I have a resource (in my case a drawing surface) that can only safely be used by one thread at a time. To enforce this, I have the following pair of classes:
template <typename Surface>
class lockable
{
public:
template <typename... Args, typename = /* is_constructible constraint*/>
lockable(Args&&... args)
: surface_(std::forward<Args>(args)...)
{}
locked_surface<Surface> lock()
{
return locked_surface<Surface>{*this};
}
private:
Surface surface_;
// Heap-allocate the mutex to allow the class to be moveable
std::unique_ptr<std::mutex> mutex_ = std::make_unique<std::mutex>();
friend class locked_surface<Surface>;
};
template <typename Surface>
class locked_surface
{
public:
// Construct wrapper, obtaining lock
explicit locked_surface(lockable<Surface>& lockable_)
: surface_(lockable_.surface_),
lock_(*lockable_.mutex_)
{}
// Wrap the Surface API
void move_to(point2f p) { surface_.move_to(p); }
void line_to(point2f p) { surface_.line_to(p); }
/* Other Surface API functions... */
private:
Surface& surface_;
std::unique_lock<std::mutex> lock_;
};
The idea is that you wrap a surface up in a lockable<>
, and then call the lock()
member function to obtain exclusive access to something which implements the Surface
API, and forwards all its calls to the real surface.

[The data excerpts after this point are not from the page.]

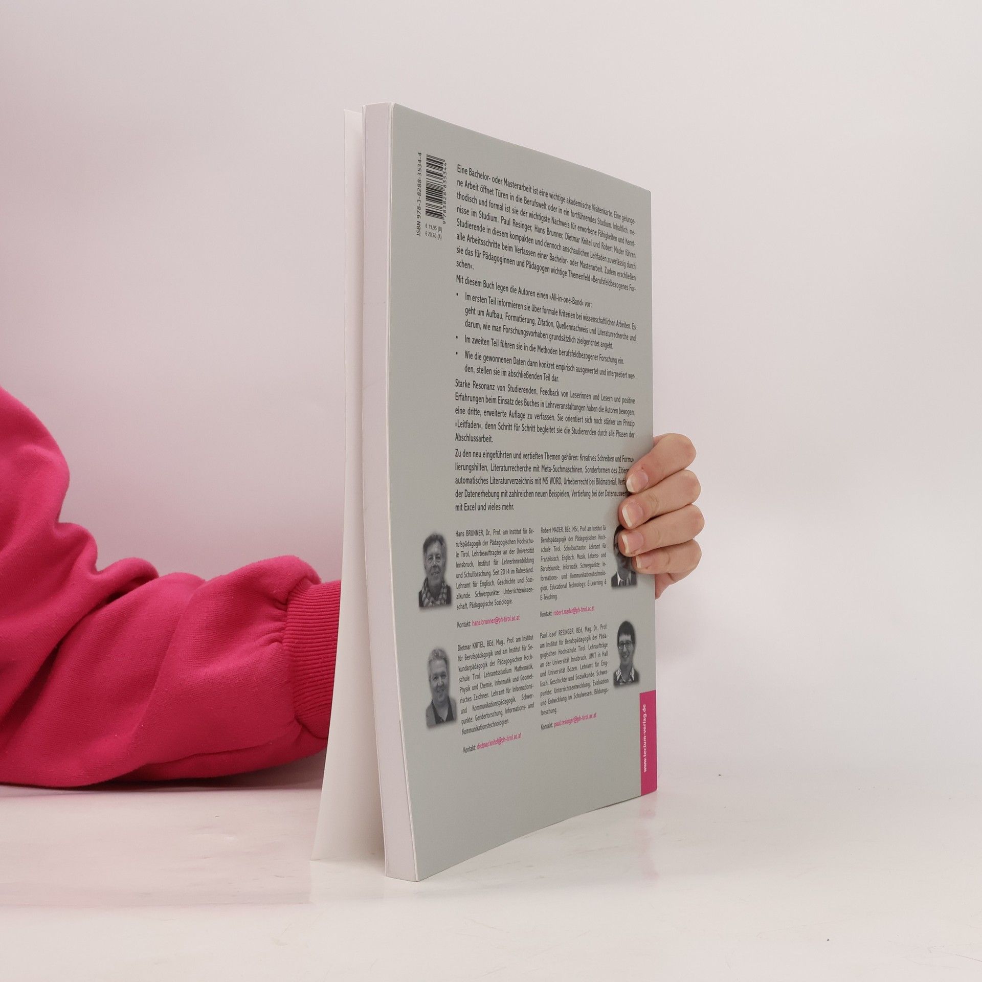 In diesem kompakten und anschaulichen Leitfaden führen Paul Resinger, Hans Brunner und Dietmar Knitel Studierende zuverlässig durch alle Arbeitsschritte beim Verfassen einer Bachelor- oder Masterarbeit. Starke Resonanz von Studierenden, Leserfeedback und positive Erfahrungen beim Einsatz des Buchs in Lehrveranstaltungen haben die Autoren bewogen, eine dritte, erweiterte Auflage zu verfassen. Sie orientiert sich noch stärker am Prinzip „Leitfaden“, denn Schritt für Schritt begleitet sie die Studierenden durch alle Phasen der Abschlussarbeit. Zu den neu eingeführten oder vertieften Themen gehören: Kreatives Schreiben als Hilfsmittel, Urheberrecht bei Bildmaterial, Tools für empirische Erhebungen, Datenauswertung mit Excel und vieles mehr.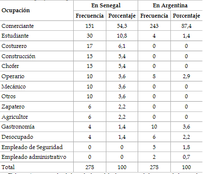 Puede observarse de este modo que la inserción laboral mayoritaria de la población de origen senegalés en la Argentina reproduce aquella que poseen en Senegal, esto es, el comercio, sin embargo, el porcentaje es mucho mayor siendo del 54% en Senegal y del 87% en Argentina. Asimismo, en el país de origen, algunos de estos migrantes se desempeñaban en oficios como la costura, la construcción y zapatería, entre otros, mientras que no han logrado realizar las mismas tareas en el país latinoamericano. Podemos aventurar entre las razones para ello la importancia de las redes comunitarias que facilitan la inserción en la venta ambulante, las dificultades idiomáticas, la falta de documentación para acceder a un trabajo formal y de capital para invertir.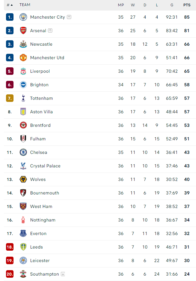 ამ მომენტისთვის ინგლისელის ჩემპიონატის ცხრილი ასე გამოიყურება: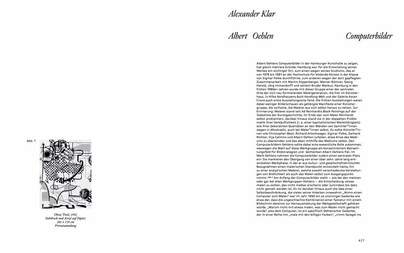 Die Publikation Computerbilder erscheint anlässlich der Ausstellung in der Hamburger Kunsthalle und dokumentiert den gleichnamigen und bislang äußerst selten gezeigten Werkkomplex Albert Oehlens. Mit einem Essay des Direktors Alexander Klar.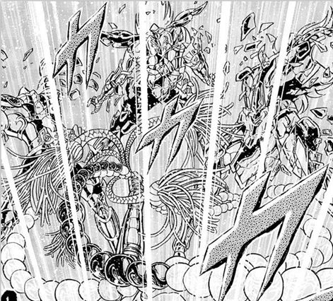 沙加是有大智慧的智者,绝不会凭一腔热血去做无谓的战斗,他知道实力接近的对决,先手大招很重要。于是趁三人不备,直接使出最强奥义 天舞宝轮 。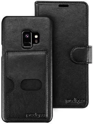 Prodigee Wallegee Samsung Galaxy S9 Leather Wallet Case Black 2-In-1

The duration of the lock is controlled by the lifetime of the returned wrapper using RAII. For example:
lockable<cairo_pixmap_surface> ls{/*args...*/};
auto draw_shape = [&ls] (auto&& shape) {
auto surface = ls.lock(); // blocks until surface is available
shape.draw(surface); // lock is released even if shape.draw() throws
};
std::thread t1(draw_shape, triangle{});
std::thread t2(draw_shape, circle{});
t1.join();
t2.join();
This seems like a simple, elegant and C++-y solution to the problem. It works well in my tests, but testing multithreaded stuff is tricky: things happen in real life that are hard to simulate. Like I said, I'm a bit of a novice when it comes to multithreading in general so I'd appreciate any advice, specifically:
- Are there any obvious problems with the above that I've overlooked?
- Is this RAII-controlled locking wrapper idea a common pattern? If so, are there any good links to read up on it?